It's one of the few movies that I own, and I watch it regularly. Its vision is complete and overwhelming, and it's a landmark not just of SF cinema, but of all cinema. I always mourn that it fell over sideways when it was first released, and it's a real shame that PKD didn't get to ever see the final product. I think he would have been most pleased.
posted by hippybear at 1:15 PM on January 12, 2010 [4 favorites]


Thanks for posting this. I'm a lifelong Philip K. Dick fan and I've always longed for some joyous words from the man to counteract to deadly pall cast by the afterword to A Scanner Darkly.
posted by 256 at 1:20 PM on January 12, 2010


Yeah, the movie is pretty great, but you know what was awesome, and is now almost completely forgotten? The Blade Runner adventure game from 1997. Man, that was a fun game. It really captured the spirit of the book as well, and had a ridiculous number of possible endings.
posted by dortmunder at 1:21 PM on January 12, 2010 [5 favorites]


Science fiction has slowly and ineluctably settled into a monotonous death: it has become inbred, derivative, stale. Suddenly you people have come in, some of the greatest talents currently in existence, and now we have a new life, a new start.

... and then became inbred, derivative and stale again - this time based off of Blade Runner. And then renewed itself with some other work and then became inbred, derivative and stale again. Science fiction goes through these cycles of rebirth. It only seems natural, though, since we are always changing our projections of the future based on the ever changing now.

Of course, you know good science fiction when it still has something to say twenty years later.
posted by cimbrog at 1:24 PM on January 12, 2010 [3 favorites]


I'm sad for PKD that he didn't get invited to any shooting of the film (or no one sent him a sample on tape), and that he saw some movie hype on TV like the rest of the public at large.

It's been a while since I've seen the movie, but the score is mood music that still haunts me (though I keep making up scenes from the movie when listening to Burial).
posted by filthy light thief at 1:30 PM on January 12, 2010 [1 favorite]


Speaking of inbred, derivative, and stale, check out the comments on that link.
posted by Joey Michaels at 1:32 PM on January 12, 2010 [1 favorite]


How great to read this letter . . . and picture Dick banging it out on his old typewriter, the keys clacking against his ribbon unevenly. The antique feeling of the letter underlines just how amazing Dick's vision was.
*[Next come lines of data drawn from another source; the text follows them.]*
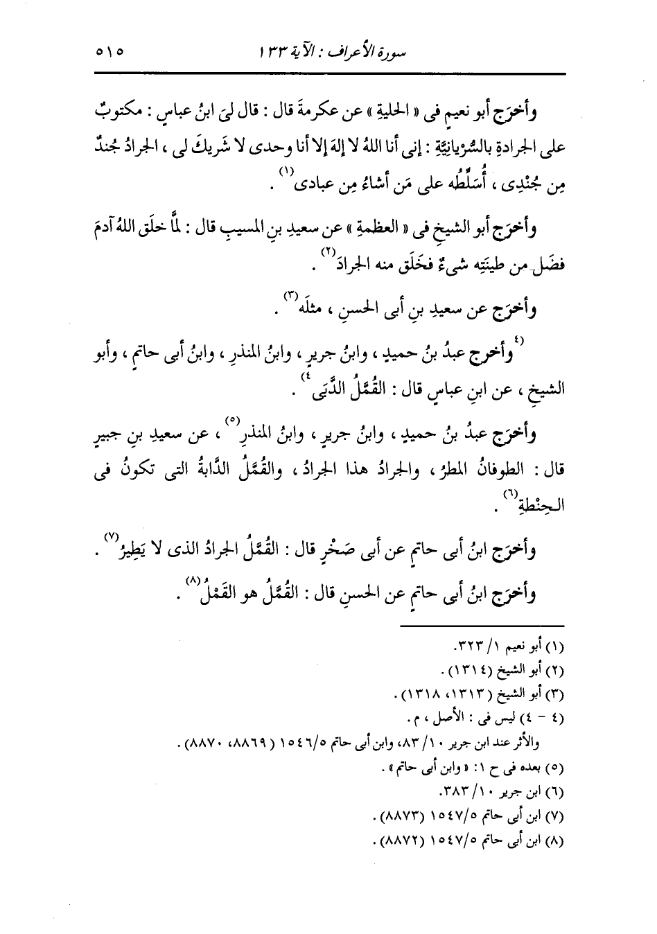 وأخرج أبو نعيم في الحلية عن عكرمة قال : قال لي ابن عباس : مكتوب على الجرادة بالسريانية : إني أنا الله لا إله إلا أنا وحدي لا شريك لي الجراد جند من جندي أسلطه على من أشاء من عبادي.
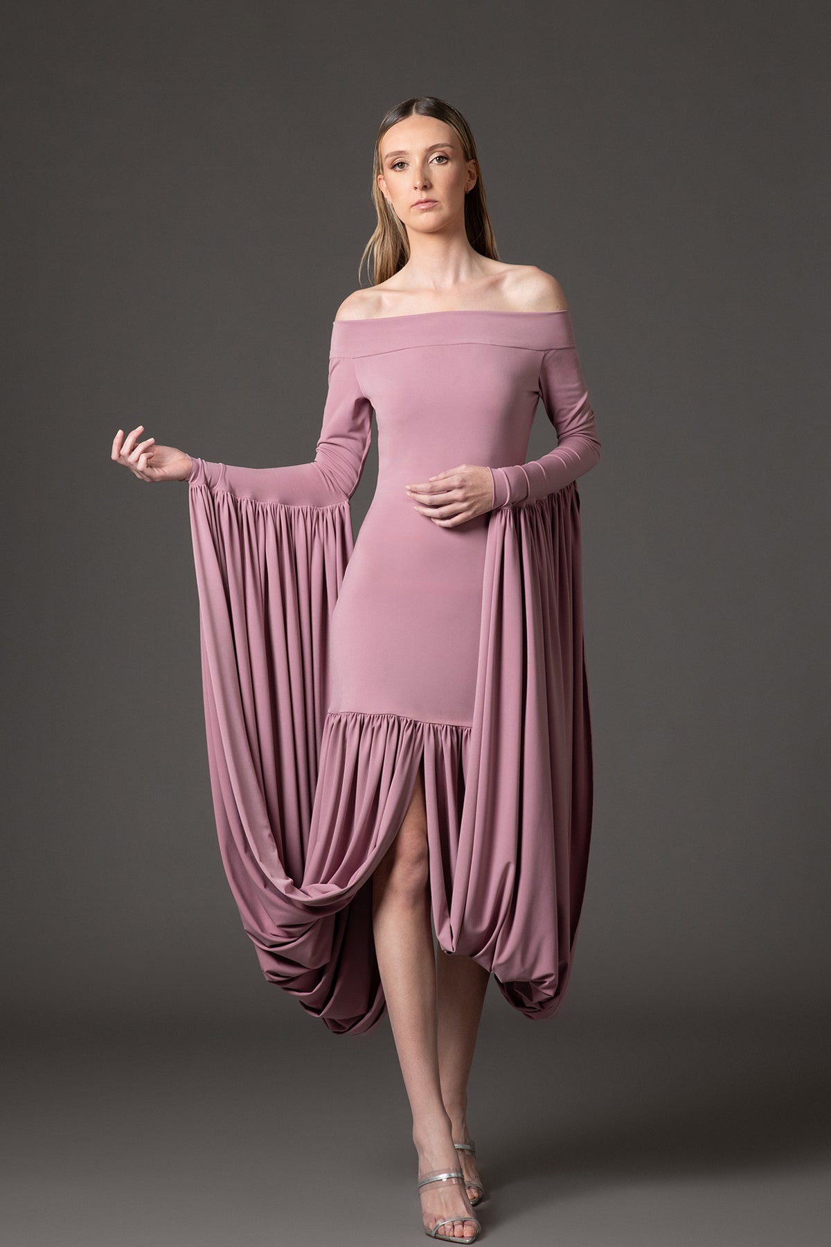 Vintage rose midi dress. Featuring an off-the-shoulder vintage rose short jersey dress.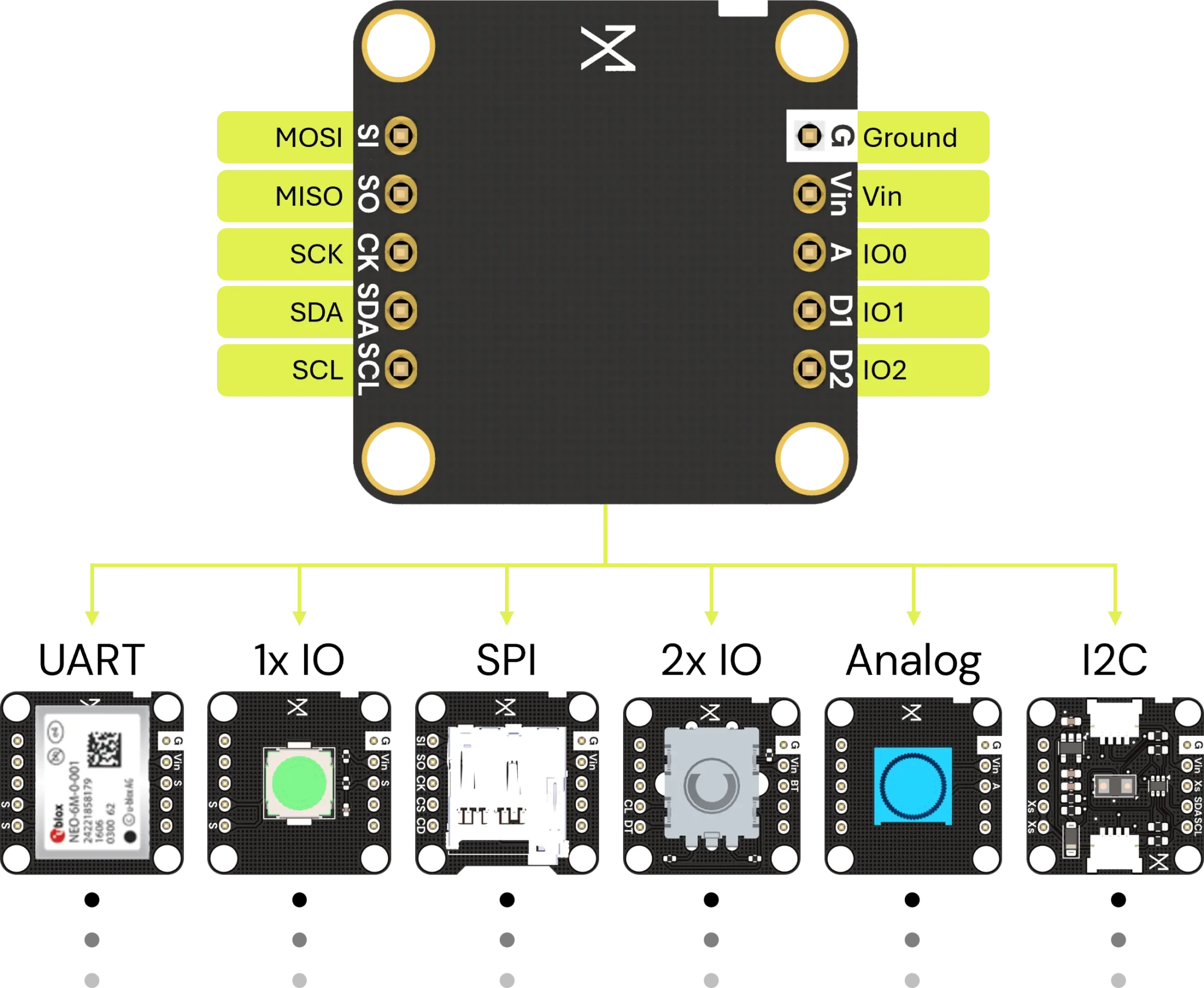 Supports 50+ modules including sensors, LEDs, switches, I2C displays, and more.

and I loved the game too by the way . . . somehow it was in sync with the book and the movie, and added to both.
posted by bearwife at 1:35 PM on January 12, 2010


Crazy Friend, [pdf] by Jonathan Lethem
posted by xod at 1:45 PM on January 12, 2010


Whenever I drive by some of the enormous, brightly animated billboard displays that line the Gardiner expressway, I'm always half expecting to see a giant geisha eating candy.
posted by CaseyB at 2:01 PM on January 12, 2010 [4 favorites]


If Avatar is any indication of the future of sci-fi after BR, PKD was dead right! replicant hamburger
posted by Saxon Kane at 2:01 PM on January 12, 2010


20 years? Pah, one of the better (in my opinion) SF books harks back to 1953, and except for a few social updates it could have been published last year. The Demolished Man.

this is in no way being disparaging to PKD, or to Bladerunner. I like both in very different, but real, ways, and agree with the opinion that BR is one of the best SF movies ever, hard to touch, harder to top.
posted by edgeways at 2:05 PM on January 12, 2010 [3 favorites]


The game appears to be easily available on Amazon.
posted by mwhybark at 2:06 PM on January 12, 2010


(and I saw it in theaters when I was 11)
posted by edgeways at 2:06 PM on January 12, 2010


Is Letters Of Note a daily feature on MeFi, now?
posted by coolguymichael at 2:10 PM on January 12, 2010


Unfortunately, SF movies have mostly just copied the aesthetic of the film without capturing anything of its spirit.

Likewise, there are a slew of PKD adaptations and derivatives, but mostly they just use the "what is reality" theme as a plot device to enable heroic explosionism.
posted by Mister_A at 2:10 PM on January 12, 2010


This was really awesome to read, especially the meticulously type-written version, which feels even more voyeuristic than the hand-written Oscar Wilde note, for some reason. I guess because of his paranoiac tendencies, but also because of his own special spelling of "goddam". It's perfect.

Best of all that he condones the visual result as Futurism, that it reflects his interior world as justly as his prose does, and is still the first and probably only (maybe 2001?) full-length, mainstream film to really fit into even the old school manifesto.
posted by Juicy Avenger at 2:11 PM on January 12, 2010


Philip K. Dick, I'm guessing, might be the most widely-read author by denizens of the blue.

My holy trinity of authors is Kafka, Dick, and Haruki Murakami.

And the only movie I've watched more than twice is Bladerunner.
posted by kozad at 2:13 PM on January 12, 2010 [2 favorites]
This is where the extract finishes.